Digital Solutions revenues increased 10% year-over-year driven by the ramp-up of new contract awards in our critical digital infrastructure and space systems and technologies accelerating growth markets, partially offset by the fiscal year 2025 divestiture of Rapid Solutions. Adjusted EBITDA decreased 2% year-over-year due to the divestiture and higher net program write-ups in the prior year quarter, partially offset by the increased revenue volume.
Global Engineering Solutions revenues decreased 7% year-over-year due to contract transitions from consolidated to unconsolidated joint ventures, a fiscal year 2025 divestiture, and the expected ramp-down of other historical programs; partially offset by the ramp up of new contract awards. Adjusted EBITDA increased 6% year-over-year as a result of continued progress on our margin expansion initiatives.
Cash Flow Summary
In the second quarter, Amentum generated $225 million of net cash from operating activities and used $18 million and $24 million in investing and financing activities, respectively. Net cash provided by operating activities was driven by strong cash earnings, disciplined working capital management, and benefited from one less pay cycle compared to the prior year quarter. Net cash used in investing activities included $3 million in net contributions to equity method investments, $5 million in capital expenditures, and $8 million in working capital settlements for prior year divestitures. Net cash used in financing activities consisted primarily of $10 million in principal payments on our Term Loan and $12 million of distributions to non-controlling interests. As of April 3, 2026, Amentum had $428 million in cash and cash equivalents and $4 billion of gross debt.
On April 24, 2026, we completed an amendment to our credit agreement enhancing our capital structure. The transaction included a new $1.4 billion Term Loan A, with proceeds used to reduce outstanding borrowings and refinance our existing Term Loan B. In addition, we increased our revolving credit facility to $1.0 billion. The amendment also repriced our debt, lowering our weighted average cost of debt and annual interest expense. Collectively, these actions strengthen our liquidity, improve financial flexibility, and support the path to our target leverage profile.

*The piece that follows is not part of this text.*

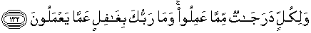 132. Dan masing-masing orang memperoleh derajat-derajat (seimbang) dengan apa yang dikerjakannya. Dan Tuhanmu tidak lengah dari apa yang mereka kerjakan.

Backlog and Contract Awards
As of April 3, 2026, the Company had total backlog of $47.8 billion, compared with $44.8 billion as of March 28, 2025, an annual increase of 7% driven by $17.2 billion in net bookings and 1.2x book-to-bill. Funded backlog as of April 3, 2026 was $6.9 billion.
Notable Q2 Fiscal Year 2026 Highlights
•Great British Energy - Nuclear (GBE-N) Small Modular Reactor Engineering – GBE-N awarded a $406 million, 14-year contract to an Amentum-led joint venture, to serve as the owner’s engineer for the United Kingdom’s Small Modular Reactor (SMR) program. Under the contract, Amentum will deliver engineering and design support, as well as oversight, governance, and construction management solutions in support of SMR deployments in Wales, UK.
2
•European Commission Joint Research Centre (JRC) – JRC awarded a $112 million, two-year contract to an Amentum-led joint venture to serve as lead contractor for decommissioning and waste management across nuclear research sites in four European countries. The work leverages Amentum’s deep expertise in complex nuclear remediation and reinforces its position as a trusted partner in Europe’s nuclear cleanup efforts.
•California Department of Forestry and Fire Protection (CALFIRE) – CALFIRE awarded Amentum a $425 million, 5-year contract to deploy predictive analytics and data-driven tools to optimize fleet sustainment, reduce downtime, and streamline supply chain and repair cycles. The partnership underscores Amentum’s commitment to supporting California in its battle against wildfires.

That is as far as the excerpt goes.